Как правило, для успеха достаточно одной по-настоящему хорошей идеи – взять хотя бы Фейсбук, Гугл или Джеймса Бонда, – и Лихтенштейн придумал свою. Он уничтожил и забыл все свои предыдущие работы и сосредоточился на производстве узнаваемых реинкарнаций комиксов в стиле «Бен Дэй». Через несколько недель после встречи с Лео Кастелли он принес артдилеру первую партию своих картин, навеянных комиксами.

Лихтенштейн сразу же вознесся на вершину славы, подобно героям поп-арта, которых он изображал. Кастелли быстро распродал первую партию. На следующий год он реализовал все картины, представленные Лихтенштейном для своей первой персональной выставки, еще до открытия экспозиции. Может, люди покупали его работы из-за их глубокого философского подтекста? Может, богатые коллекционеры Манхэттена задумывались о том, как художник видит их мир, намеренно гиперболизируя современный идеал совершенства? Стали бы они покупать эти картины, если бы знали, что они высмеивают бездумный, праздный образ жизни; что картины Лихтенштейна всегда изображают драму и героизм, но никогда – их последствия? Не приходило им в голову, что они заплатили большие деньги за копию никчемного ширпотреба? Или же люди бежали за картинами Лихтенштейна, потому что они были смешными и от них становилось светлее в комнате?

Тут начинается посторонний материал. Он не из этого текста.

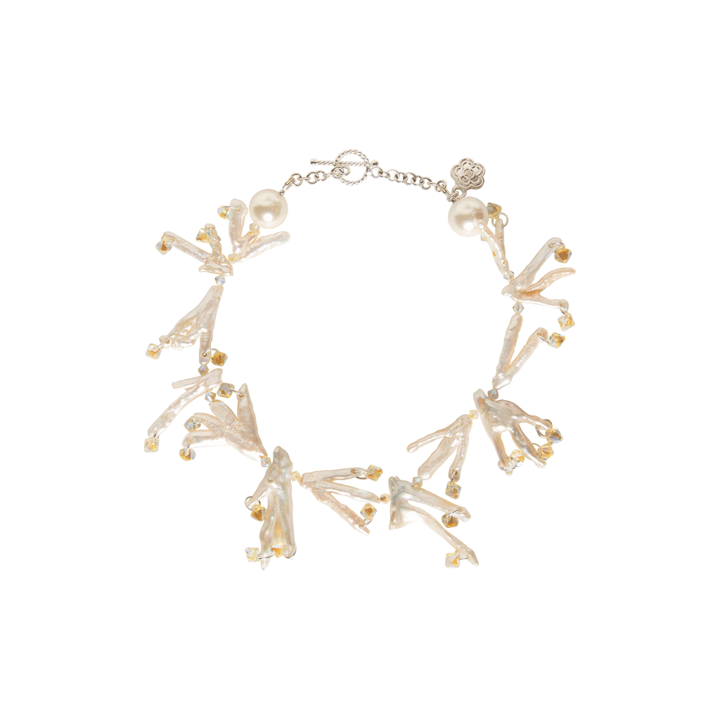 The Amber Pearl features fresh water pearls, sterling silver, stainless steel, and glass and is a handmade one of a kind necklace.
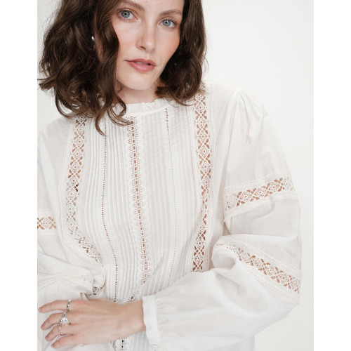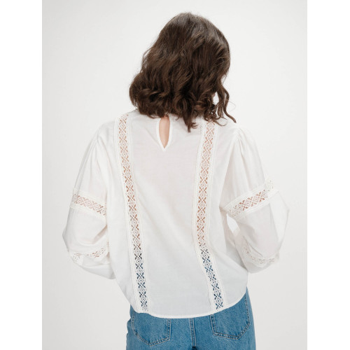 Ажурная женская рубашка Grace&Mila , прямого кроя,воротник-стойка, укороченный объемный рукав, застежка сзади на пуговицах.

Работы Лихтенштейна (репр. 26) были очень далеки от абстрактного экспрессионизма. Если искусство Поллока и Ротко говорило о чувствах, то Лихтенштейн и Уорхол сосредоточились исключительно на материальном объекте, стерев все следы своего участия в процессе. Лихтенштейн даже написал картину «Мазок кисти» (1965) – пародию на абстрактный экспрессионизм, – где превратил символ самовыражения художника, широкий живописный мазок, в безликий объект массового производства. Америка была для них главной темой, как в свое время для Паолоцци и Хэмильтона, а потом и для следующего поколения британского поп-арта.

Питер Блейк (род. 1932) прославил поп-арт не картиной и не скульптурой и даже не реди-мейдом или ассамбляжем. В 1967 году самая известная поп-группа планеты обратилась к британскому художнику с просьбой придумать дизайн их будущего альбома. Блейк согласился, «битлы» были в восторге, а обложка для альбома «Клуб одиноких сердец сержанта Пеппера» вмиг стала иконой XX века. Получилось этакое групповое фото с кинозвездами и писателями, философами и поэтами, спортсменами и путешественниками, где на первом плане конечно же знаменитая четверка. Яркие краски, мрачный юмор, заимствование образов знаменитостей со всего света – все это стиль поп-арта Блейка. Да и всего поп-арта, который пародировал мир искусства и бизнеса, талантливо перемешав то и другое.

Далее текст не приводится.